裴今雾也不生气,慢吞吞道:“那也就让爷爷亲自告诉大家好了。”
什么?
此话出,沈知华心里咯噔一下。
“裴小姐,准备好了。”
风行调整好投影仪,恭敬询问,“现在播放吗?”
裴今雾点头。
很快。
偌大的屏幕上,便出现已故近两年沈老爷子的身影。
他躺在病床上,鼻子上还戴著氧气管,整个人憔悴不堪。
可对著镜头时,苍老的脸上却保持著慈爱的笑容。
“各位好,我是沈从武。首先我要证明,这个视频是在我理智清醒,且在律师陪同下录製的。这个视频,主要是对我的身后事做个安排……”
怎么可能?
看著视频里的父亲,沈知华眼睛瞪大。
父亲不仅写了遗书,还录製有视频。
並且留了一手,没有把视频给他。
老东西。
沈知华气得牙痒痒,回过神时,视频已经接近尾声。
老爷子:“今雾是个特別聪明的孩子,好几次公司遇到困难,都是她想办法解决,拉来投资。
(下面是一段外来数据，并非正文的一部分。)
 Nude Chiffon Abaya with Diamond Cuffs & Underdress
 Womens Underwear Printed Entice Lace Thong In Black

没有这丫头,就没有今天的沈氏集团”
“所以,我在此立下遗嘱。沈氏集团的继承权,归今雾所有。沈家百分之八十的財產,包括我的私人財產,也全部交由今雾处理。”
“沈家所有人,包括公司所有人,都得对她客客气气。”
“我还留有亲笔信,一式三份。一份律师保管,一份给了我的儿子沈知华,一份给了“沈”今雾。”
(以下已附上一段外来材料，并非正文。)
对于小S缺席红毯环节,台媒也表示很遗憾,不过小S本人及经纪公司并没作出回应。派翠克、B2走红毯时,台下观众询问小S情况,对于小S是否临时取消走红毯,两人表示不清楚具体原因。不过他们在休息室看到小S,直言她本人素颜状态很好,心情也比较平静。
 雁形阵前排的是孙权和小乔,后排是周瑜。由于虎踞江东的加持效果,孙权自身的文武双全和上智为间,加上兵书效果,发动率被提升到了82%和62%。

“沈氏財团董事长的位置,如何分配,皆由今雾全权处理,任何人不得有质疑。包括我的儿子,沈知华。如有违背,沈知华將失去剩下20%財產,净身离开沈家,以及沈氏集团。”
至此。
视频內容全部播放结束。
裴今雾看著爷爷生动的表情,拼命压制住內心的悲伤。
台下的人,更是震惊不已。
原来沈氏能发展这么好,裴小姐功不可没。
难怪老爷子要指定她做集团继承人。
这可是80%的財產啊,就这么让沈知华私吞了。
“没猜错的话,爷爷给沈知华的遗嘱,已经被他毁了。”
裴今雾站起身,表情透著慵懒,“没关係,我这里还有一份。”
当初她外出找药时,爷爷就將东西提前给她了。
说著。
裴今雾將另一份遗嘱拿出来,展现给眾人看。
“律师手里还有一份公证过的原件,若是不信,尽可以调查。”
老爷子的字跡很特別,不易模仿,他们都认识。
这份遗嘱,確实出自沈老之手。
“之前没来爭,是看爷爷的面子,也是不屑这点小钱。”
裴今雾看向沈知华,蠕动红唇,气势逼人,“你自己滚,还是我给你扔出去?”
“裴今雾——”
沈知华当然不可能认输,气势汹汹就要衝过去。
“哦。”
裴今雾站在原地,淡定盯著他,轻掀緋唇:“选被扔。”
“放开我、放开、啊——”
沈知华被风行风止夹著,拖出会议室。
——
晚安。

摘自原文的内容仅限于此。